English Amiga Board - View Single Post - Optimizing the 68020+ 32-bit math

litwr · 29 April 2021, 08:36

Quote:

Originally Posted by Thomas Richter

That is NOT equivalent code. A DIVU.L dx,da:db is a 64 by 32 bit division. That's not what your code is doing. To emulate that on a machine without a 32-bit quotient, you need something like Algorithm D. And yes, that would be slower than a DIVU.L.

Well, it doesn't really matter too much. The major problem is here is the quotient size of 32 bit, and this requires a more complicated algorithm than a cascaded divu with has a quotient of 16 bit. A 32/16 full division with 32 remainder and 32 bit quotient is easy with divu, but a full 32/32 division requires "algorithm D" (or some other division algorithm) and is more complex than what is shown here.

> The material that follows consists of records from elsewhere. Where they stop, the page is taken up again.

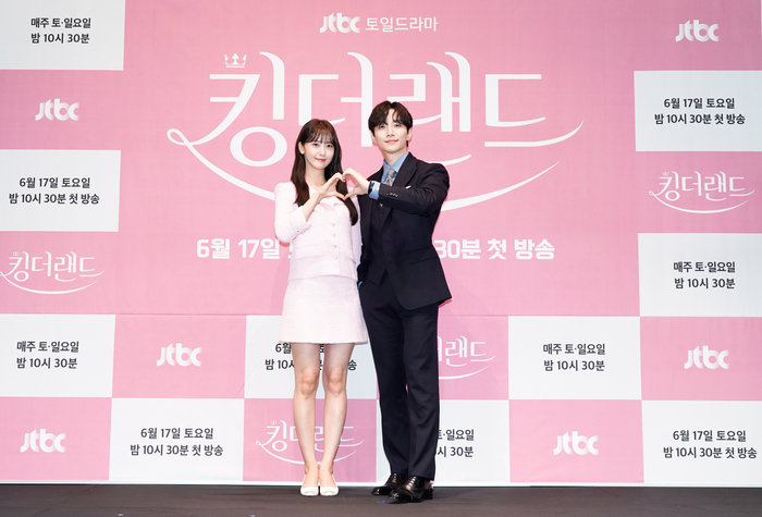 ‘킹더랜드’는 가식적인 미소를 견디지 못하는 재벌후계자가 원치 않을 때도 직업상 언제나 밝은 미소를 지어야만 하는 여자를 만나 진짜 환하게 웃을 수 있는 날을 만들어가는 이야기다. 이준호는 재벌 후계자이자 킹호텔 신입본부장 구원 역을, 임윤아는 킹호텔 인턴사원으로 입사해 호텔리어의 꿈인 VVIP 라운지 ‘킹더랜드’에 입성하는 천사랑을 연기한다.
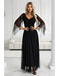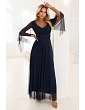 Horní díl s elegantním výstřihem do V krásně odhaluje dekolt a klíční kosti, zatímco jemné řasení dodává lehkost a noblesu. Pas je výrazně zvýrazněn, což dodává siluetě harmonické proporce. Dlouhý splývavý lem je volně splývavý, opticky zeštíhluje a je pohodlný i ve větších velikostech, proto tento model dobře funguje i jako plus size šaty. Splývavé poloprůhledné rukávy dodávají celkovému vzhledu éterický vzhled a v pohybu působí nádherně.
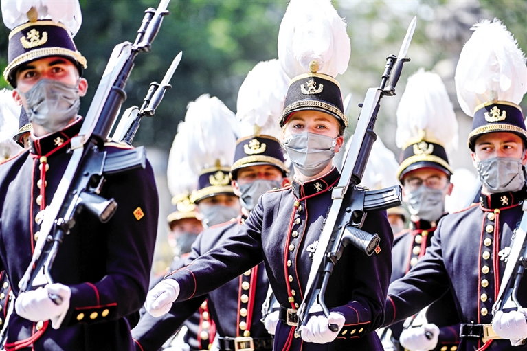 比利时21日在布鲁塞尔举行国庆阅兵及庆祝活动。受一周前发生的特大洪灾影响,今年比利时的国庆活动缩减了规模,原定在布鲁塞尔举行的大型舞会以及烟花燃放等活动全部取消。(据新华社报道)
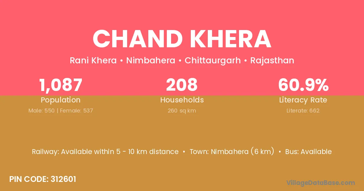 Nimbahera (6 km) is the nearest town to Chand Khera village for major economic activities and is located approximately 6 km away.

Sorry I missed to show an important detail. It is all about 32/16 division with 32q:16r result. So the 68000 code is actually equivalent to the shorter 68020/30 code for this case. Indeed, as it was noted by a/b the DIVUL instruction is used, so, anyway, we have 32/32 division instruction, not 64/32.

Quote:

Originally Posted by a/b

Well, he's not using divu.L, it's divuL(.L) which is 32/32 -> 32:32.
I didn't look too closely at this because... Don't really want to start any flame wars but that code nearly gave me cancer. *Every* single instruction that should have a size specifier (because of multiple valid options), and there's almost a dozen of them is that short clip, doesn't have it. And moveq, which is *always* a longword operation and doesn't ever need it, has it.
When I see that I just check out. Having to decipher M68K code because it's butchered so badly is not my idea of fun. I mean, it's OK when it's some fresh guy who's still learning the basics and does all kind of stuff, we all did that at some point, but this... Nothing personal, I just don't understand why would anyone write so ambiguous code: it's more error prone, less portable, others have to waste time figuring out what you wanted to do, ...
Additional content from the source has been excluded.